Waning voter and political support for the consumer carbon tax, recently renamed the Canada Carbon Rebate, and the spate of pre-budget announcements over the last several weeks signals that Budget 2024 may be a climate-light budget.

The climate bright spot is a commitment to spend $903.5 million on improving energy efficiency, lowering energy costs, and reducing emissions of existing and new homes. These measures are part of the federal government’s broader efforts to increase housing supply and affordability. The dedicated funding for climate initiatives is a recognition that increasing housing supply and affordability go hand-in-hand with fighting climate change. This is smart policy and a rare opportunity for the government to have its cake and eat it too. The buildings sector, after all, is the third heaviest emitting sector, releasing an estimated 92 MT of CO2e in 2022 with heating and cooling accounting for 75% of residential operating emissions.

Much has been written about the Trudeau government’s climate policies. Some would say they are over-indexed on ideology and under-indexed on pragmatism. The budget measures announced in Canada’s Housing Plan show a government thinking more strategically and pragmatically about how to integrate climate into other policy issues that are top of mind for Canadians. And, also letting these headline policy issues take center stage without diminishing climate to a walk-on role.

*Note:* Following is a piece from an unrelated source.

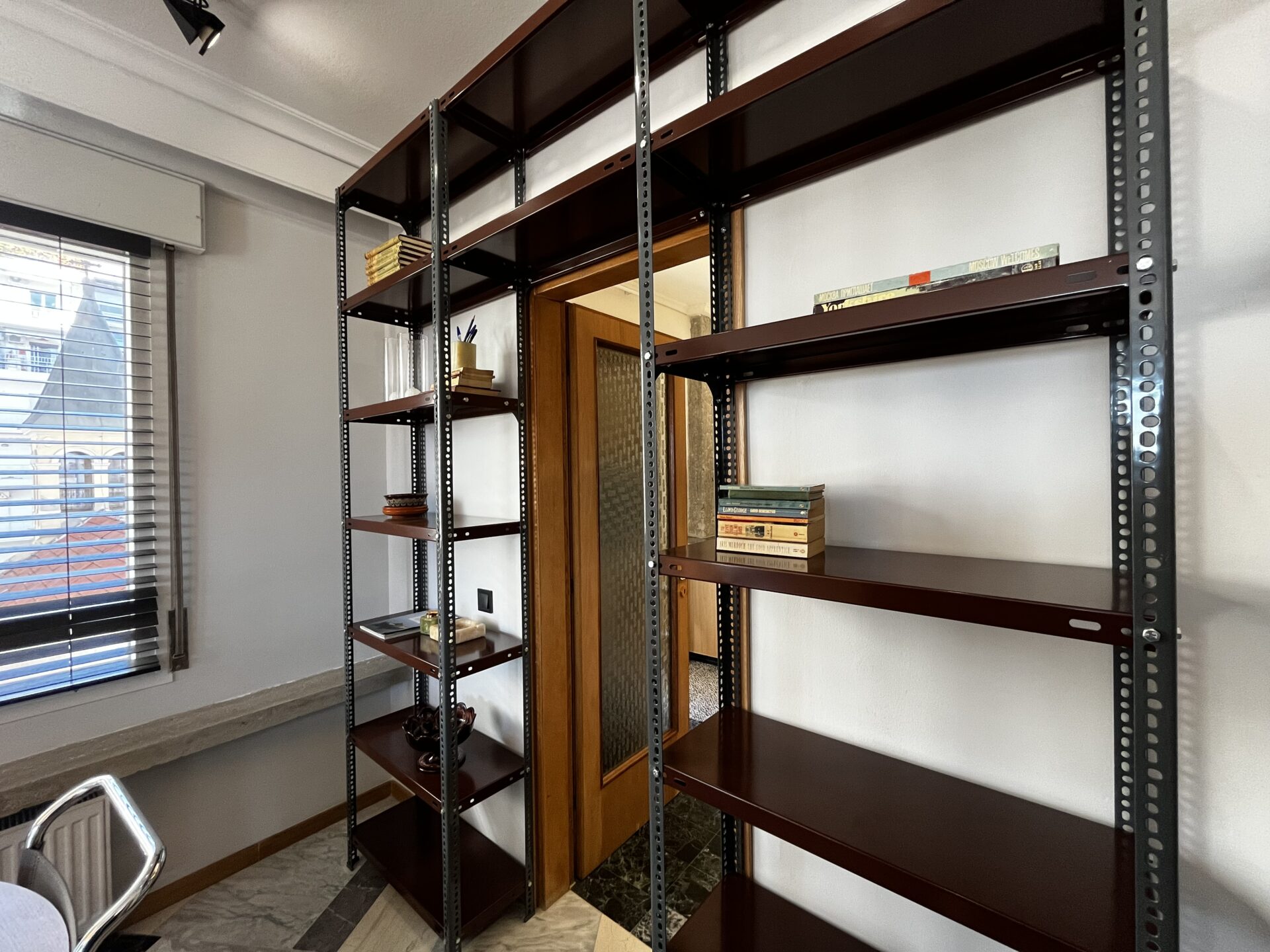 Περνώντας στον μεγάλο χώρο του γραφείου, η εσοχή στον τοίχο που κάποτε αποτελούσε αποθηκευτικό χώρο, πλέον είναι το ιδανικό μέρος για συγκέντρωση, δουλειά και διάβασμα, με το απαλό γαλάζιο στους τοίχους, το περσικό χαλί και τη βιβλιοθήκη με μεταλλικά ράφια, να κάνουν το δωμάτιο το κατάλληλο μέρος για εργασία και χαρά. Μάλιστα, τα ενοποιητικά στοιχεία των δωματίων γίνονται φανερά, με τη χαρακτηριστική βιβλιοθήκη αλλά και το γεγονός ότι στο υποστύλωμα έχει αφαιρεθεί και πάλι ο σοβάς για να φανεί το οπλισμένο σκυρόδεμα!

Outside of housing, we are watching for three other  climate-related announcements, and whether the Trudeau government’s newfound pragmatic approach to climate will spill over to these policy areas. These commitments are top of mind for Indigenous and business communities based on what we’ve heard in the field as part of the Climate Action Institute’s research and engagement activities across all swaths of Canadian society from coast to coast. These outstanding policy decisions—with only one requiring an outlay of new money—will keep climate action moving forward by providing program and regulatory certainty. That is a prerequisite for businesses and investors to unleash the $60 billion needed annually on supply-side capital flows if Canada is to achieve Net Zero by 2050. Budget 2024 could very well be a climate budget in all but name if the government acts decisively and quickly on these matters.

  1. Funding and program eligibility details for the Indigenous loan guarantee program. The 2023 Fall Economic Statement announced the Trudeau government’s intention to introduce an Indigenous loan guarantee program. The program would address longstanding structural governance and financial management roadblocks preventing Indigenous communities from borrowing vast sums of capital. Capital that would open the door for more Indigenous communities to own an equity stake in major projects. The lack of program and funding details to date has meant that project developers and Indigenous communities are hampered in their efforts to unlock $225 billion in economic opportunities tied to the vast amount of land, energy and mineral resources under Indigenous control or ownership. These are key to Indigenous economic reconciliation and the country’s transition to a low-carbon economy.
  2. Update on clean investment tax credits eligibility and timing. Businesses welcomed the federal government’s five climate-related investment tax credits (ITCs). The Clean Electricity Investment Tax Credit—the last of the ITCs announced—is estimated by the Canadian Climate Institute to provide $25.7 billion in tax incentives between 2024 and 2035. The tax incentives will lower capital costs and put businesses in a better position to compete against the Inflation Reduction Act for domestic and foreign capital flows. Yet, businesses have been hesitant to move ahead with their planned capital projects. They want certainty that the ITCs will materialize, and their projects will meet all eligibility criteria. These concerns are not unfounded. The pace of climate policy making suggests there may not be enough runway room before the next federal election to pass all the legislative amendments required to operationalize the ITCs. An update on the ITC program design including finalized eligibility criteria, and the government’s targeted dates for clearing all legislative hurdles would provide businesses and investors with the clarity they need to start putting their plans and capital into motion.
  3. Update on Impact Assessment Act. About 150 mining and forestry major projects were planned or already under construction in May 2023. The economic value of these projects is $99.2 billion. The Supreme Court’s decision in October 2023 on the federal government’s overreach of applying the Impact Assessment Act added more regulatory uncertainty to the permitting process for resource projects. A detailed game plan of how the government intends to address the Supreme Court’s ruling will provide resource companies—in particular those with planned projects—and investors with the regulatory and timing certainty needed to decide if, where, and when to deploy their capital.